Passing the fortifications, and traversing a level, scarcely inhabited country, shorn of its forests by the sickle of war, we reached, by a cross-road, the line of the Richmond and York River Railroad. But no railroad was there; the iron of the track having been taken up to be used elsewhere.
Near by was Fair Oaks Station, surrounded by old fields, woods, and tracts of underbrush. Here was formerly a yard, in which stood a group of oaks, the lower trunks of which had been rendered conspicuous, if not beautiful, by whitewash: hence, “fair oaks.”
It was a wild, windy, dusty day. A tempest was roaring through the pines over our heads as we rode on to the scene of General Casey’s disaster. I asked an inhabitant why the place was called “Seven Pines.” “I don’t know, unless it’s because there’s about seven hundred.”
He was living in a little wooden house, close by a negro hut. “The Yankees took me up, and carried me away, and destroyed all I had. My place don’t look like it did before, and never will, I reckon. They come again last October; Old Butler’s devils; all colors; heap of black troops; they didn’t leave me anything.”
He spoke with no more respect of the Confederates. “We had in our own army some of the durn’dest scapegalluses! The difference ’twixt them and the Yankees was, the Yankees would steal before our eyes, and laugh at us; but the Rebels would steal behind our backs.”
On the south, we found the woods on fire, with a furious north wind fanning the flames. The only human being we saw was a man digging sweet potatoes. We rode eastward, along the lines of intrenchments thrown up by our troops after the battle; passed through a low, level tract of woods, on the borders of the Chickahominy swamps; and, pressing northward, struck the Williamsburg Road.
Colonel G——, of our party, was in the Fair Oaks’ fight. He came up with the victorious columns that turned back the tide of defeat.
“I never saw a handsomer sight than Sickles’s brigade advancing up that road, Sunday morning, the second day of the battle. The enemy fired upon them from these woods, but never a man flinched. They came up in column, magnificently, to that house yonder; then formed in line of battle across these fields, and went in with flags flying and bayonets shining, and drove the Rebels. After that we might have walked straight into Richmond, but McClellan had to stop and go to digging.”
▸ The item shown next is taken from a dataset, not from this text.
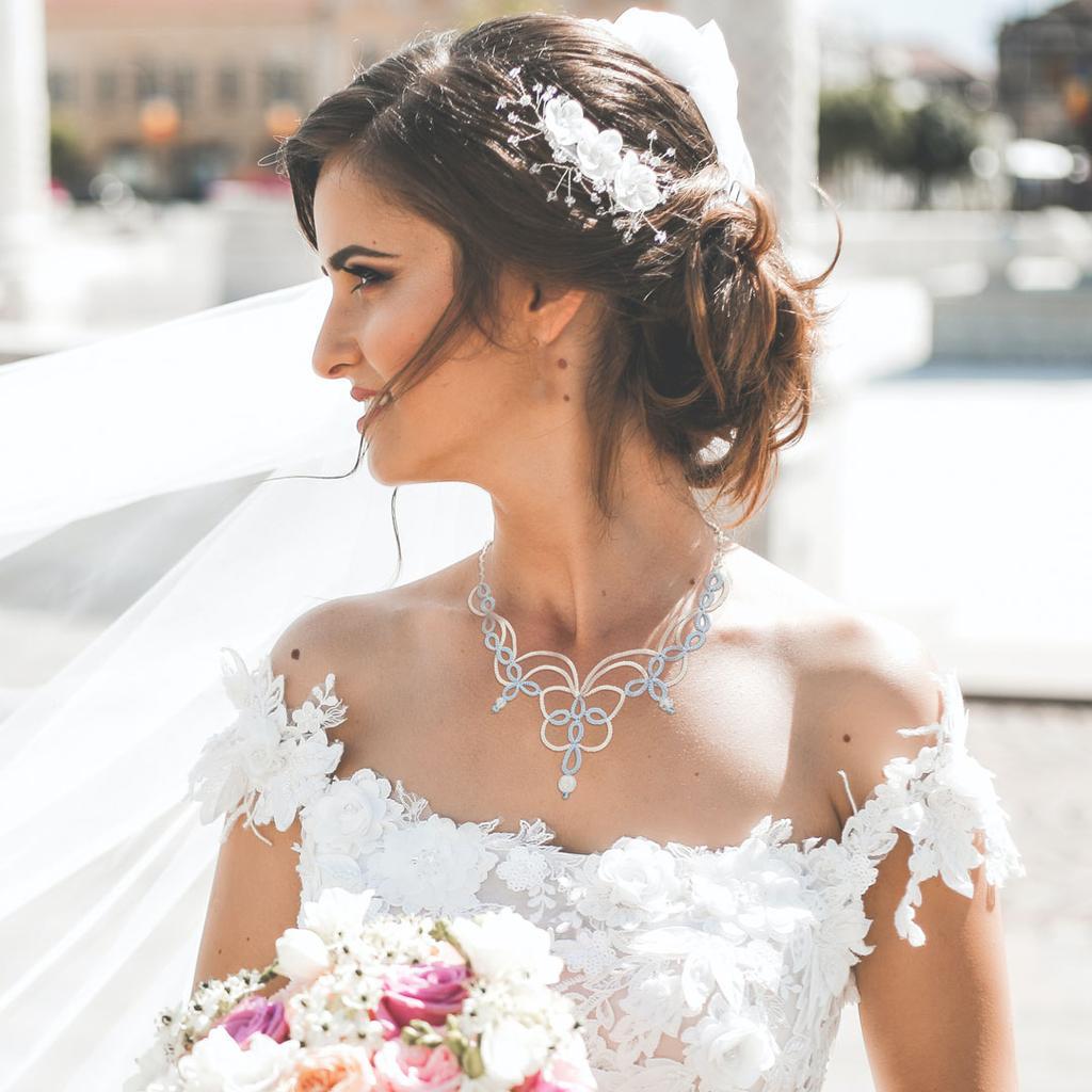 Bezauberndes --Collier-- aus feiner Schiffchenspitze, welches durch ein romantisches florales Muster besticht und mit funkelndem und --gecrashtem Bergkristall-- und --facettiertem Aquamarin-- kombiniert wurde. Handgearbeitet aus weißer und himmelblauer Baumwolle, ist dieser Schmuck ein Blickfang für jeden Anlass. Der Karabinerverschluss besteht aus 925 Sterling Silber. Perfekt für sommerliche Outfits und Hochzeitslooks. Ein Accessoire, das Ihren Look vollendet.

We dismounted in a sheltered spot, to examine our maps, then passed through the woods by a cross-road to Savage’s Station, coming out upon a large undulating field. Of Savage’s house only the foundations were left, surrounded by a grove of locust-trees. My companions described to me the scene of McClellan’s retreat from this place,—the hurry, the confusion, the flames of government property abandoned and destroyed. Sutlers forsook their goods. Even the officers’ baggage was devoted to the torch. A single pile of hard tack, measuring forty cubic feet, was set on fire, and burned. Then came the battle of Savage’s Station, in which the corps of Franklin and Sumner, by determined fighting, saved our army from being overwhelmed by the entire Rebel force. This was Sunday again, the twenty-ninth of June: so great had been the change wrought by four short weeks! On that other Sunday the Rebels were routed, and the campaign, as some aver, might have been gloriously ended by the capture of Richmond. Now nothing was left for us but ignominious retreat and failure, which proved all the more humiliating, falling so suddenly upon the hopes with which real or fancied successes had inspired the nation.